Jones Kelly, Krishnamurthi Rita, Barker-Collo Suzanne, De Silva Sulekha, Henry Nathan, Zeng Irene, Vorster Anja, Te Ao Braden, Green Geoff, Ratnasabapathy Yogini, Feigin Valery
National Institute for Stroke and Applied Neurosciences, School of Clinical Sciences Auckland University of Technology Auckland New Zealand.
School of Psychology The University of Auckland Auckland New Zealand.
J Am Heart Assoc. 2025 Jan 7;14(1):e034441. doi: 10.1161/JAHA.124.034441. Epub 2024 Dec 24.
Poststroke fatigue affects ≈50% of patients with stroke, causing significant personal, societal, and economic burden. In the FASTER (Fatigue After Stroke Educational Recovery) study, we assessed a group-based educational intervention for poststroke fatigue.

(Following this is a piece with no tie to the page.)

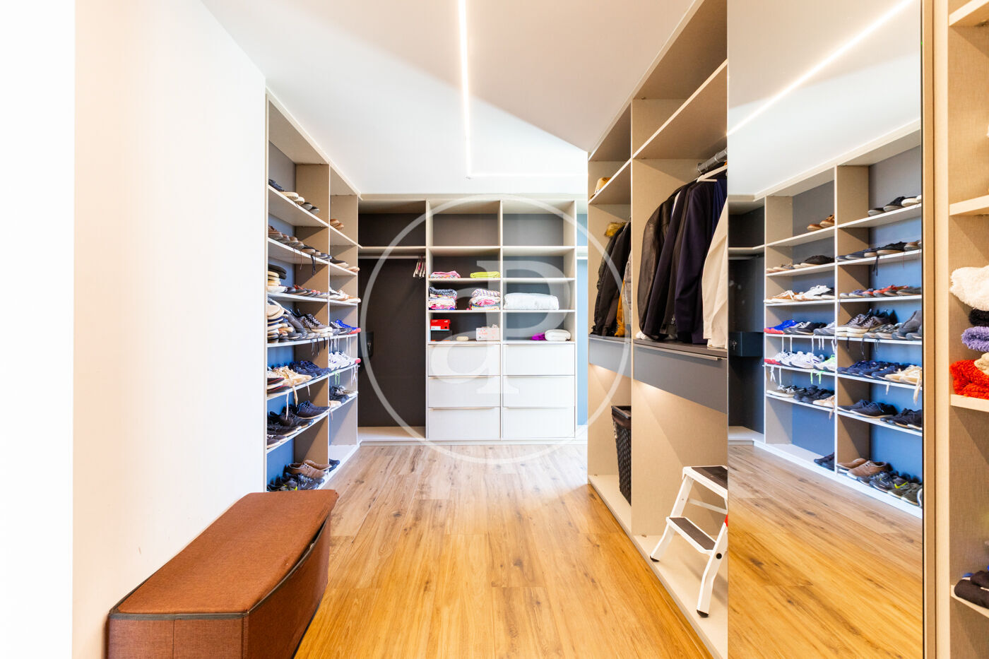 Se accede a las tres plantas por una escalera de hierro diseñada expresamente, pero también se puede acceder a través del ascensor. Al subir a la zona de noche, encontramos cuatro habitaciones dobles y tres baños. La habitación principal es de gran tamaño, con un muro de piedra, un espacio con bañera, un gran vestidor y baño completo en suite. En esta planta, también encontramos una terraza-solárium con zona de relax.

Two hundred patients with clinically significant fatigue were included and randomized to either a general stroke education control or fatigue management group (FMG) intervention and assessed at baseline, 6 weeks, and 3 months. The FMG involved weekly psychoeducation sessions over 6 weeks. Coprimary outcomes were the Fatigue Severity Scale and Multidimensional Fatigue Inventory-20 total scores. Adjusted mean total Fatigue Severity Scale scores at 6 weeks (primary end point) were nearly identical for the education control and FMG groups. The adjusted mean difference between treatment groups was -0.13 (SE, 1.4; =0.92) at 6 weeks and 1.67 (SE, 1.4; =0.26) at 3 months. Although there were no significant effects, Fatigue Severity Scale outcomes were in the direction of a treatment effect based on the estimated change. Adjusted mean total Multidimensional Fatigue Inventory-20 scores at 6 weeks (primary end point) were similar for the education control and FMG groups. The adjusted mean difference between treatment groups was -0.91 (SE, 1.54; =0.55) at 6 weeks and -1.26 (SE, 1.8; =0.49) at 3 months. Both groups had similar secondary outcomes (eg, Multidimensional Fatigue Inventory-20 subscales, sleep, pain, mood, quality of life) at 6 weeks and 3 months.
We found no evidence of significant group-level benefits of FMG over and above general stroke education. Educational group-based interventions for poststroke fatigue should continue to be refined and examined, including consideration of potential impacts at an individual level.
URL: https://www.anzctr.org.au/; UnIque identifier: ACTRN12619000626167.
中风后疲劳影响约50%的中风患者,造成重大的个人、社会和经济负担。在FASTER(中风后疲劳教育康复)研究中,我们评估了一种针对中风后疲劳的基于小组的教育干预措施。
纳入200例有临床显著疲劳的患者,随机分为一般中风教育对照组或疲劳管理组(FMG)干预组,并在基线、6周和3个月时进行评估。FMG包括在6周内每周进行一次心理教育课程。共同主要结局是疲劳严重程度量表和多维疲劳量表-20总分。在6周(主要终点)时,教育对照组和FMG组的调整后平均疲劳严重程度量表总分几乎相同。治疗组之间在6周时的调整后平均差异为-0.13(标准误,1.4;P = 0.92),在3个月时为1.67(标准误,1.4;P = 0.26)。虽然没有显著效果,但根据估计的变化,疲劳严重程度量表的结局显示出治疗效果的趋势。在6周(主要终点)时,教育对照组和FMG组的调整后平均多维疲劳量表-20总分相似。治疗组之间在6周时的调整后平均差异为-0.91(标准误, 1.54;P = 0.55),在3个月时为-1.26(标准误, 1.8;P = 0.49)。两组在6周和3个月时的次要结局(如多维疲劳量表-20子量表、睡眠、疼痛、情绪、生活质量)相似。
我们没有发现证据表明FMG比一般中风教育有显著的组水平益处。基于小组的中风后疲劳教育干预措施应继续完善和研究,包括考虑个体层面的潜在影响。